I love the older books and manuals. They dont get bogged down so much in superfluous and/or irrelevant information.
Straightforward practices and relevant "manual machinery" operation.

cheers Phil


----------



## Ulma Doctor (Oct 3, 2014)

nice find, it's a pitty that people would just throw good old books out like that, i'm glad you were able to save them!!!!


----------



## uncle harry (Oct 4, 2014)

Ulma Doctor said:


> nice find, it's a pitty that people would just throw good old books out like that, i'm glad you were able to save them!!!!



A couple of weeks ago I attended my 55th HS reunion. Included was a tour of the new additions to the school. When showing the re-located library to us we noticed one sparse wall of books in a very large room. The Principle explained that when they hired an outside agency  to "update" the operation they were throwing out all of the books, but were advised to at least keep the ones that we saw by the Principal.  This one bends my attitude!
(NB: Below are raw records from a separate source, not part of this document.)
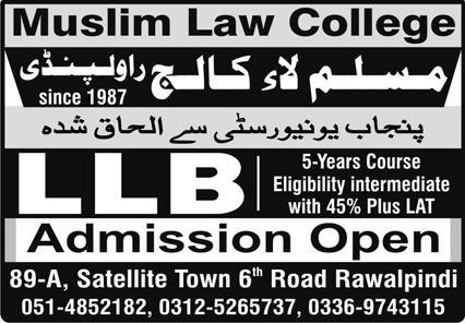 Muslim Law College has announced admissions 2022 for Bachelor of Law LLB. Students who want to take admissions in Muslim Law College Rawalpindi Punjab Pakistan for academic year 2022 to continue education in Law College can apply. Eligible candidates for admissions in LLb can apply as per Private institute criteria and before closing date 19 February 2022 after reading advertisement online. Read newspaper ad for exact details.
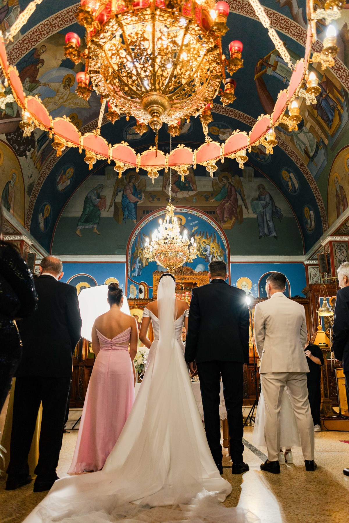 «Συνολικά κάναμε 5 πρόβες περίπου, και στην τελευταία, όταν πια δοκίμασα το νυφικό μου, δεν το πίστευα! Δεν μπορούσα να πιστέψω πόσο όμορφο ήταν. Μου το έδωσαν τα κορίτσια πολύ προσεγμένο, φρεσκοσιδερωμένο, και ήταν απλά υπέροχο. Ήταν φυσικά και πάρα πολύ ελαφρύ, μου έδινε απίστευτη ελευθερία κινήσεων για να μπορώ να διασκεδάσω με την ψυχή μου στο γαμήλιο πάρτι. Όπως καταλαβαίνεις, μείναμε κατενθουσιασμένες από την Denise Eleftheriou, και λέω “μείναμε”, γιατί και η μητέρα μου έραψε εκεί το εκπληκτικό κίτρινο φόρεμά της, αλλά και η κουμπάρα μου πήρε το δικό της pink dress από την Denise».
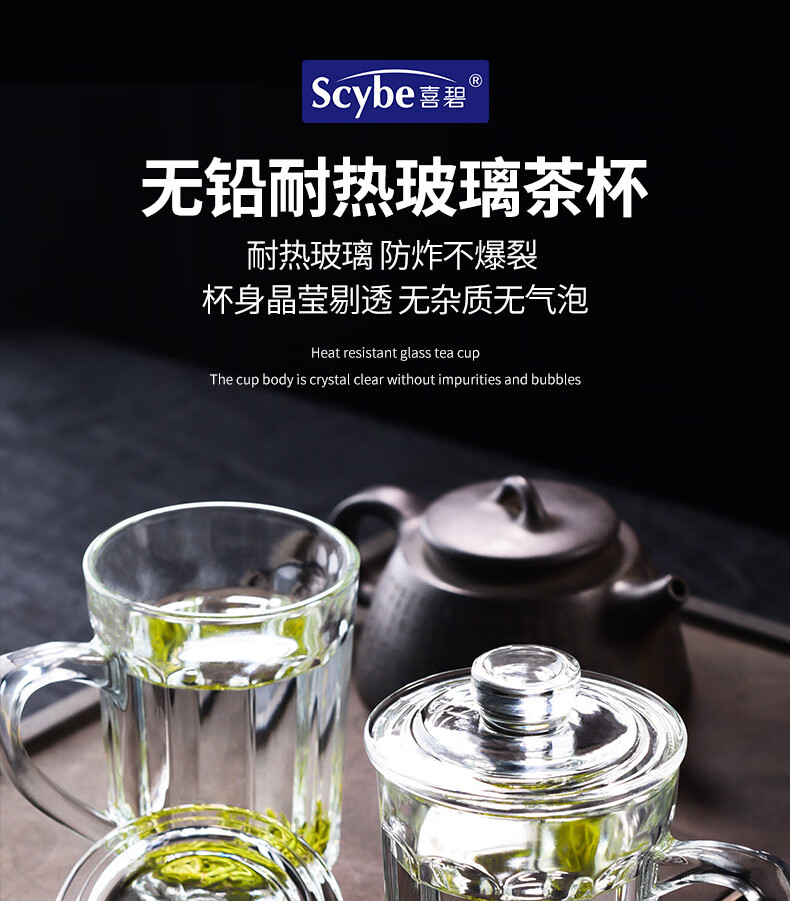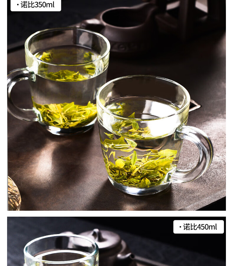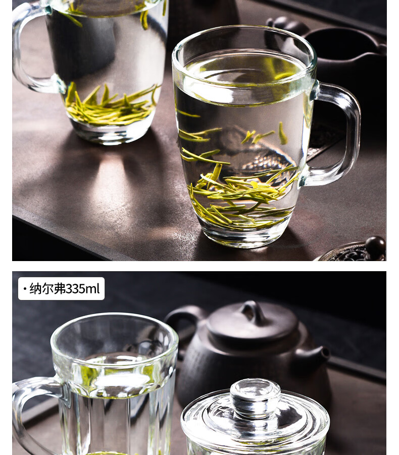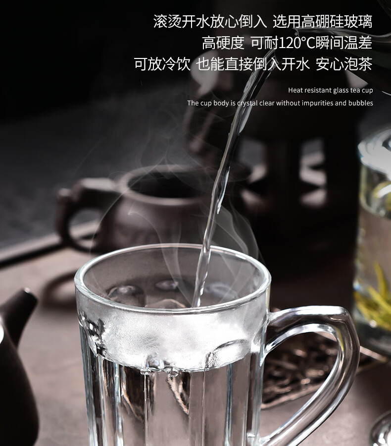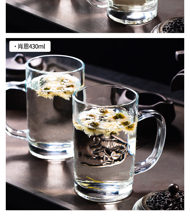 喜碧喜碧可耐超高瞬时温差带盖把杯茶杯可进蒸箱牛奶杯透明玻璃杯 肖恩热饮杯430ML/2只

Books have endured through  thousands of years.  They have been technically better lasting than most of today's technology and are even radiation-hardened!

To me, the best part of books is the opportunity to "accidentally" discover other ideas that don't usually boil up from computer searches.

Books also can feel good!


----------



## Analias (Oct 4, 2014)

My life would have been so different if I had not discovered the 500 and 600 sections of the Dewey Decimal System when I was thirteen. Especially the 630 section with electronics and radio, these books kept me focused on something else than teen angst at the time. It allowed me to keep my sanity. 
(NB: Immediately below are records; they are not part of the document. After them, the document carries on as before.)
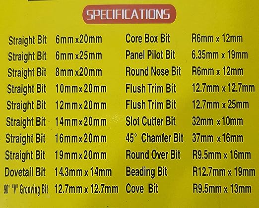Precision ground 8mm shanks, professional grade for wood working. Carbide- tipped router bits. Handsome aluminum carrying case professional for wood working.
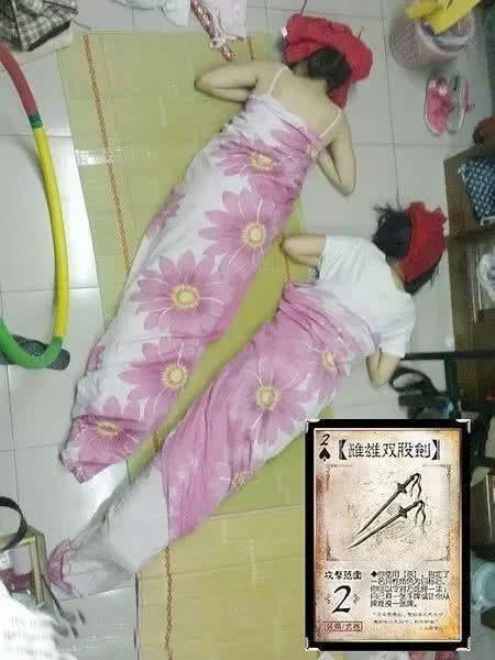不仅能cos动漫,cos神,还能cos武器牌。就地取材,太有魔性了。那两只肥胖的剑简直让我瞬间石化了。
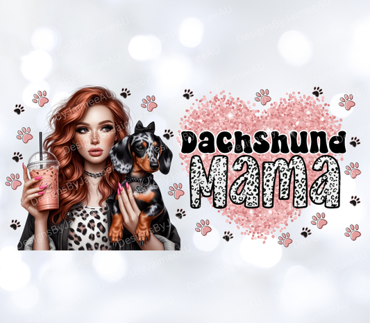 Dachshund Mama, Glitter heart/Red Head Digital Download 16oz UV DTF Transfer Wrap PNG Image
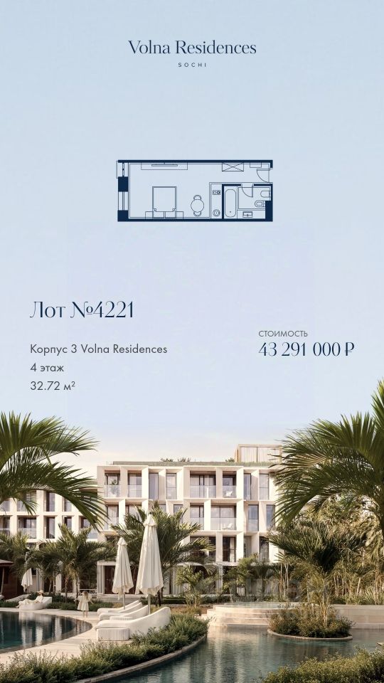 Продаётся 1-комнатная квартира в строящемся доме (Дом 3), срок сдачи: II-кв. 2028, общей площадью 32.72 кв.м., на 4 этаже. Volna Residence - это комплекс для жизни на территории комплекса Volna, объединённый с отелем общей концепцией и инфраструктурой. 3 малоэтажных корпуса на 520 номеров расположены на первой береговой линии и имеют собственный бассейн. Территория комплекса Volna - 7,2 га. Более половины этой территории занимает парк и инфраструктура для жизни и отдыха.

Sent from my Xoom using Tapatalk


----------



## Travis7s (Oct 4, 2014)

They were in a box full of tooling catalogs so it might have been an honest mistake. It was a machine shop that was moving, I was hoping they might have tossed some really cool stuff but this was about it.


----------



## core-oil (Oct 4, 2014)

uncle harry said:


> A couple of weeks ago I attended my 55th HS reunion. Included was a tour of the new additions to the school. When showing the re-located library to us we noticed one sparse wall of books in a very large room. The Principle explained that when they hired an outside agency  to "update" the operation they were throwing out all of the books, but were advised to at least keep the ones that we saw by the Principal.  This one bends my attitude! Books have endured through  thousands of years.  They have been technically better lasting than most of today's technology and are even radiation-hardened!
> 
> To me, the best part of books is the opportunity to "accidentally" discover other ideas that don't usually boil up from computer searches.
> 
> Books also can feel good!



 Uncle Harry,
 Nowadays the attitudes of our educationalists is unbelievable in todays Western world's educational system because of the growth of  of IT& other "Up to date fads" etc., the modern gurus in charge of our youngsters seem to have little or no empathy with a nice textbook, whereas in our generations a book was almost a sacred item, We would not throw away our bible.
 for some time I worked in a college, & twenty years after I had left I met one of the guys I worked with who told me the following -- His line manager took him into the library, & told him to throw all the books on the shelf's into the waste paper bin, After a few months along came another senior member of staff who said "Replace all the books we disposed of," They seemed to have had a rethink as to books being a good back up to I.T. learning systems! Certainly they were in some cases upgraded as to the age of the book, Another case I heard was another college who threw all their machines & tooling out into the scrap, Never mind trying to sell the stuff as a useful facility.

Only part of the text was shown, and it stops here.